TASK
Please write out the lines of the data exactly, beginning with the first and ending with the line containing "this will draw"; leave the pictures behind.

Top of DATASET EXCERPTS

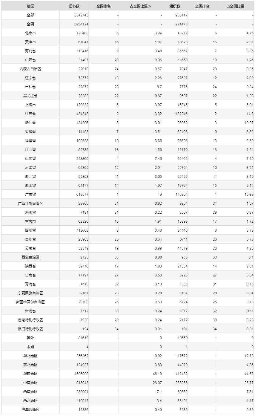 截至2022年11月,我国有效认证证书数为326万张,获证企业数为92万家。其中证书数10万以上的省、市10有个,分别为广东619577张、江苏434348张、浙江424206张、山东243360张、上海129332张、北京128488张、安徽114493张、四川113608张、河北113416张、福建109525张。
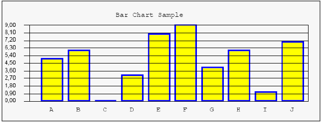 this will draw a bar chart with blue outlined bars and yellow fillings. See Demo.PDF for more details.
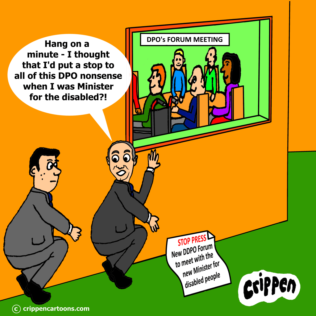 Two white males in grey suits are crouched down below a window through which you can see a meeting taking place. A sign in the meeting room reads ‘DPOs Forum Meeting’. A newspaper page has blown at the feet of the two men. On it is printed: ‘Stop Press – New DDPOs Forum to meet with new minister for disabled people’. The first male crouched below the window is Justin Tomlinson, the former minister for disabled people. He is saying: “Hang on a minute – I thought that I’d put a stop to all of that DPO’s nonsense when I was minister for the disabled?!”
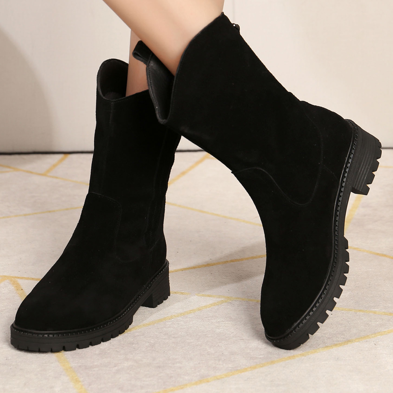 磨砂皮休闲女靴平跟厚底中筒靴东北加绒靴子保暖软底雪地棉靴冬鞋
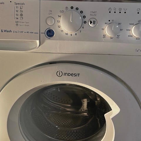 Toimiva pyykinpesukone noudettavissa rivitalosta. Ei rappuja. Etukulmassa halkeama, mutta ei ole vaikuttanut toimivuuteen. Annetaan muuton takia.
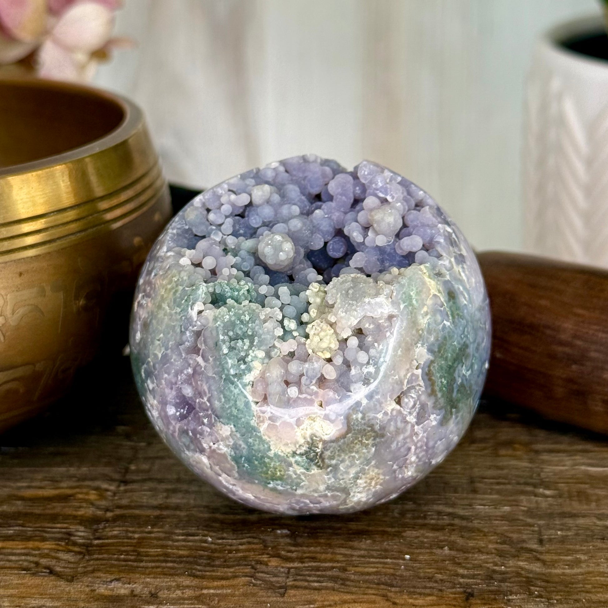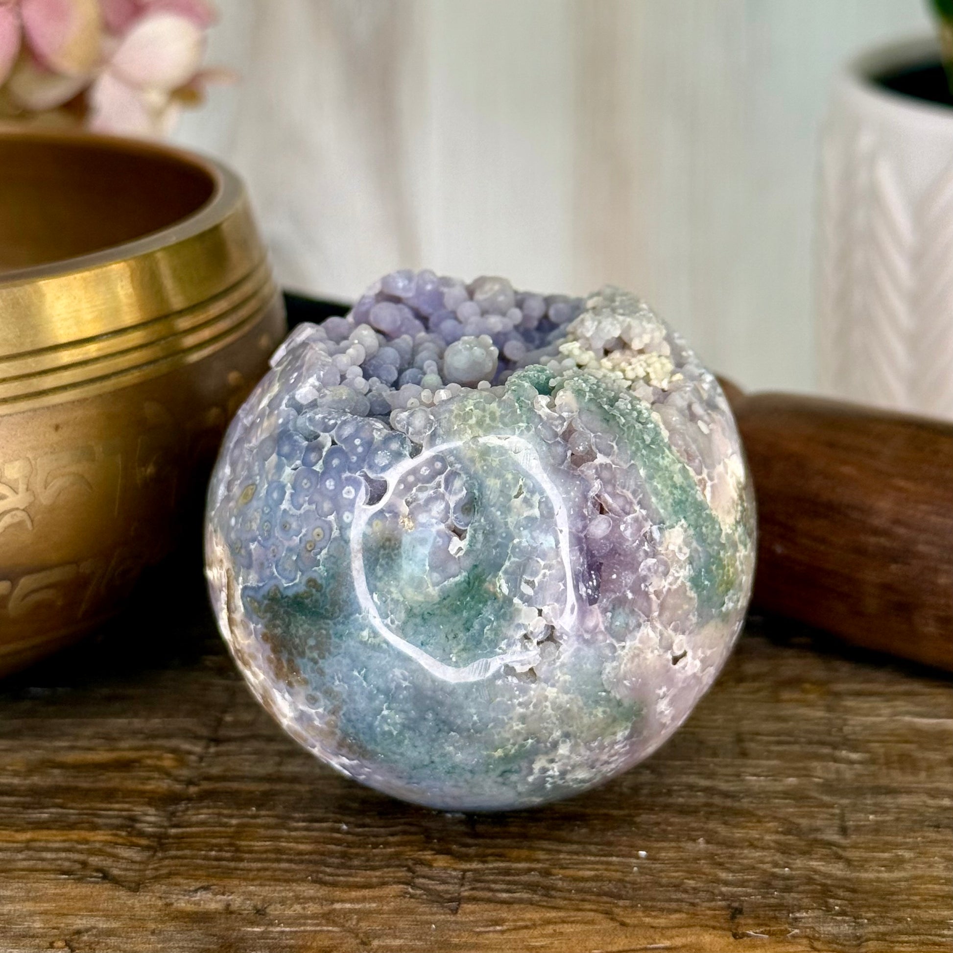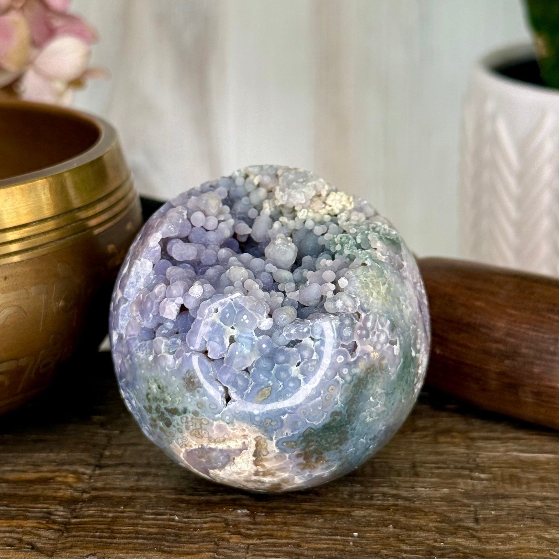 A stone for the mind, improved focus, drive, & concentration // Can help focus energy & attention on what is wanted & where you may need to go to get there // It is calming, soothing & is generally a happy stone // Great for meditation // Works well in a home, office or sacred space, bringing tranquil energy to any larger space // Vibrates at such a high frequency & allows one to transition between this realm & higher realms with ease // A powerful intuitive stone that activates and links the crown and third eye chakras together.
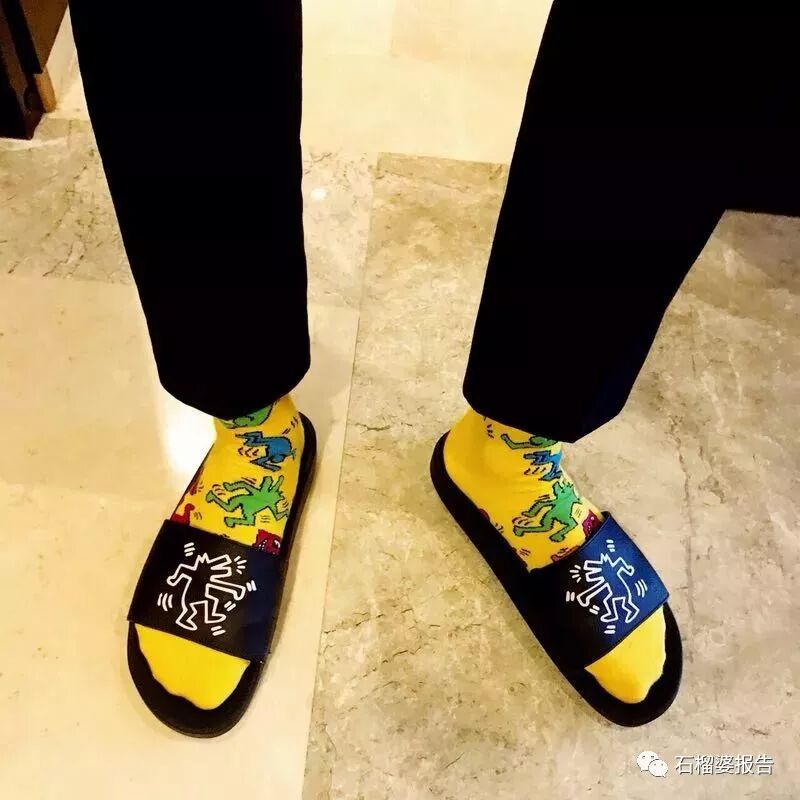最后,来一位男性读者的澡堂拖袜子搭配。
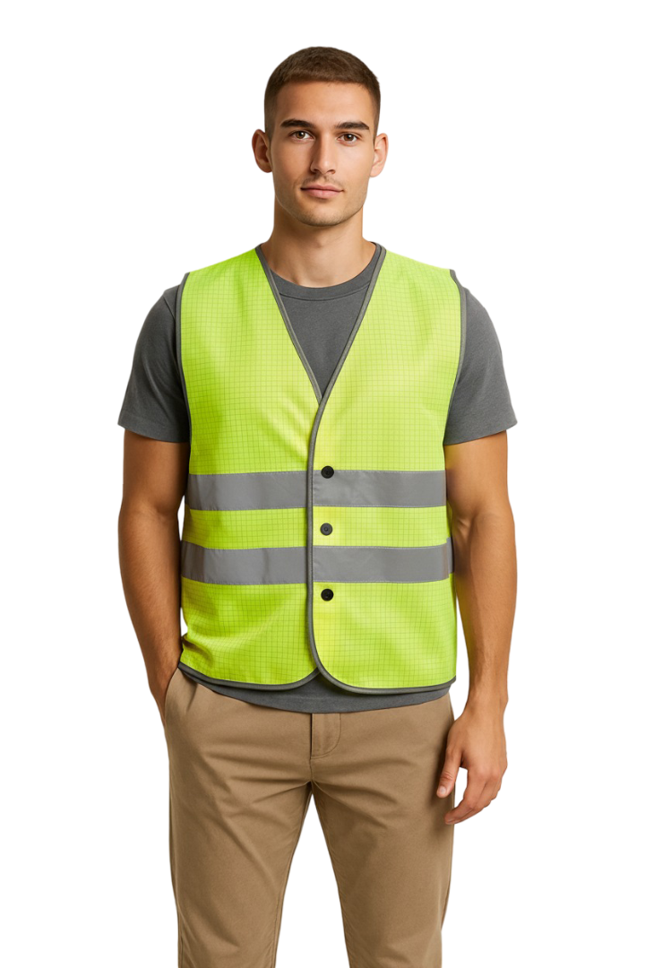 Изделие повышенной видимости 2-го класса защиты. Центральная застежка на пуговицы. Жилет прямого силуэта с глубоким вырезом горловины и пройм, центральная застежка на пуговицы. В нижней части полочек накладные боковые карманы, входящие в боковой шов и под окантовку. На спинке и на полочках настрочены в два ряда Световозвращающие полосы СОП 2 класса на расстоянии не менее 50 мм друг от друга. Все срезы жилета окантованы тесьмой
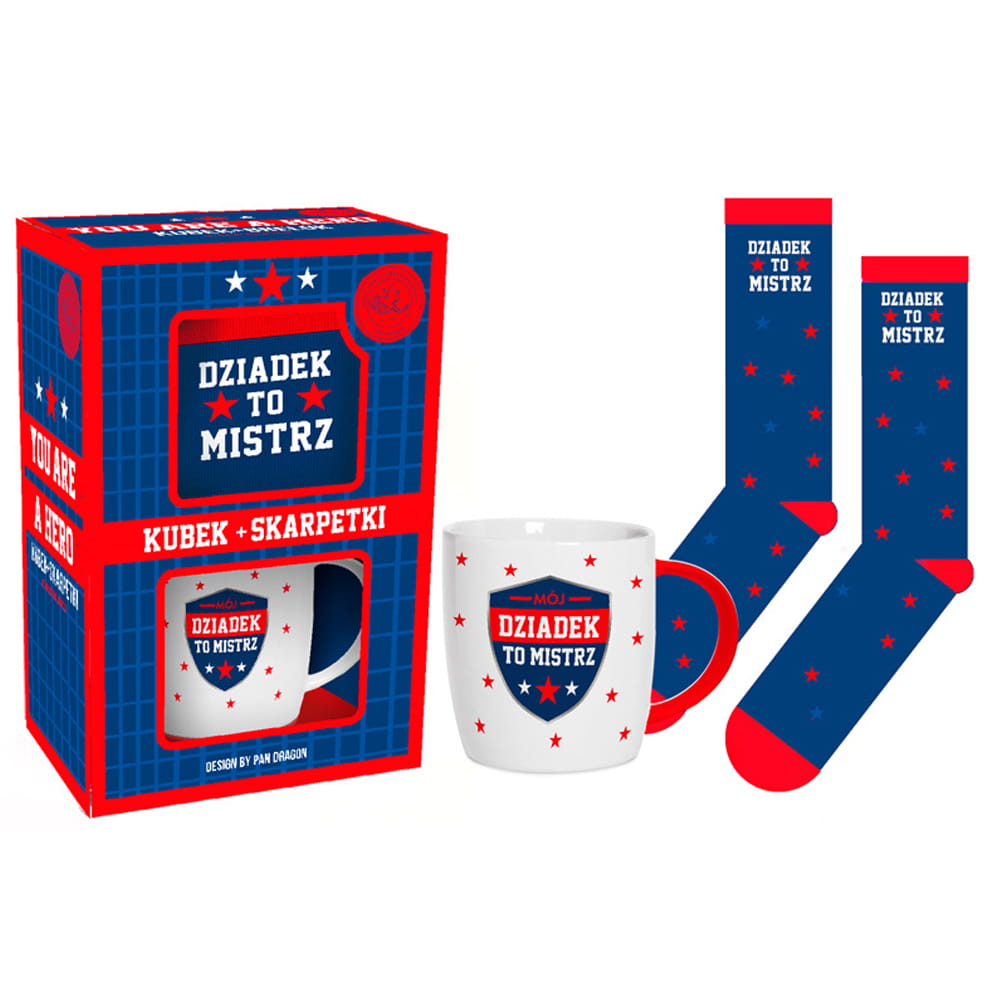 Spraw swojemu Dziadkowi uroczy podarek z okazji Dnia Dziadka, Bożego Narodzenia lub innych ważnych okazji! Oto zestaw zawierający biały, ceramiczny kubek ozdobiony napisem "Mój Dziadek to mistrz" wraz z czerwonymi gwiazdkami oraz niebieskie skarpetki z napisem "Dziadek to mistrz". Całość zapakowana jest w estetyczny, zielono-niebieski kartonik, dzięki czemu prezent gotowy jest do wręczenia!
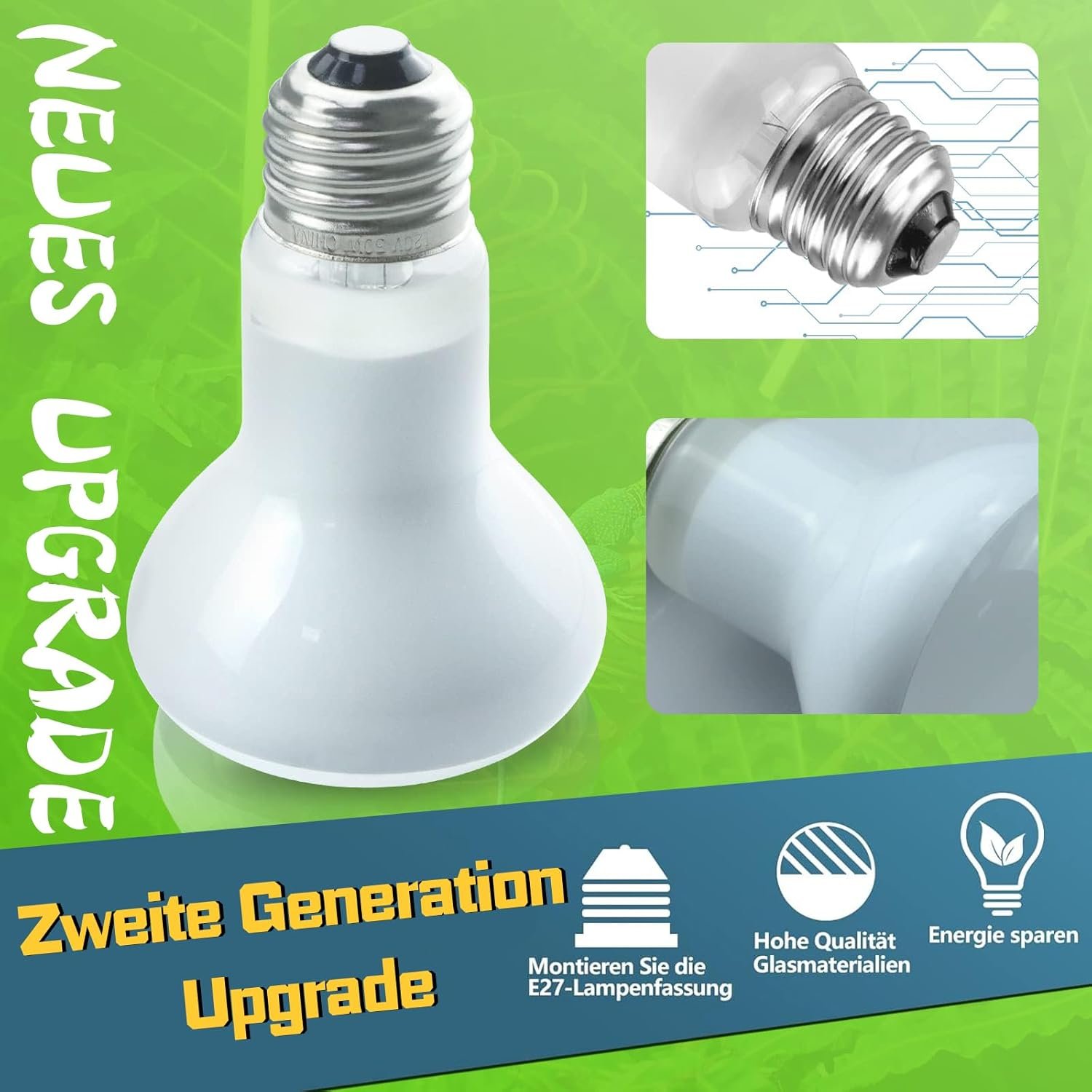 Hochwertige Reptilien-Wärmelampe – Unsere Wärmelampe für Reptilien besteht aus hochwertigen Glas- und Filamentmaterialien, um die Sicherheit bei der Verwendung zu gewährleisten. Die Wärmelampe hat eine hohe Haltbarkeit und kann kontinuierlich arbeiten und hat eine Lebensdauer von bis zu 2000 Stunden. Gleichzeitig durchläuft unsere Reptilienzwiebel Dutzende strenge Kontrollen und Sicherheitszertifizierungen, um die hohe Qualität und Sicherheit der Reptilienzwiebeln zu gewährleisten.
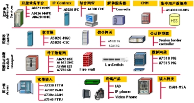 上海貝爾阿爾卡特提供完整的NGN解決方案,以軟交換為核心,綜合大容量綜合接入網(wǎng)關(guān),與PSTN互通的中繼網(wǎng)關(guān)TGW,適合寬帶用戶(以太網(wǎng),DSL或者HFC)接入的IAD或者IP電話,多媒體通信IP視頻終端等設備。方案提供了覆蓋所有接入方式的綜合業(yè)務,既考慮了網(wǎng)絡的繼承,也滿足網(wǎng)絡演進和發(fā)展的需要。
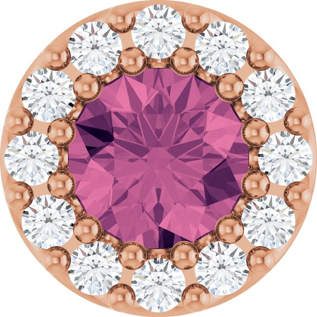 / Pendant / Set / 14K Rose / Round / Natural Pink Tourmaline / 4Mm :: 0.08 Ctw / Natural Diamond / I1, G-H / Polished / Natural Pink Tourmaline And .08 Ctw Natural Diamond Halo-Style Pendant

Bottom of DATASET EXCERPTS

SOLUTION TO THIS PROBLEM
 截至2022年11月,我国有效认证证书数为326万张,获证企业数为92万家。其中证书数10万以上的省、市10有个,分别为广东619577张、江苏434348张、浙江424206张、山东243360张、上海129332张、北京128488张、安徽114493张、四川113608张、河北113416张、福建109525张。
 this will draw a bar chart with blue outlined bars and yellow fillings. See Demo.PDF for more details.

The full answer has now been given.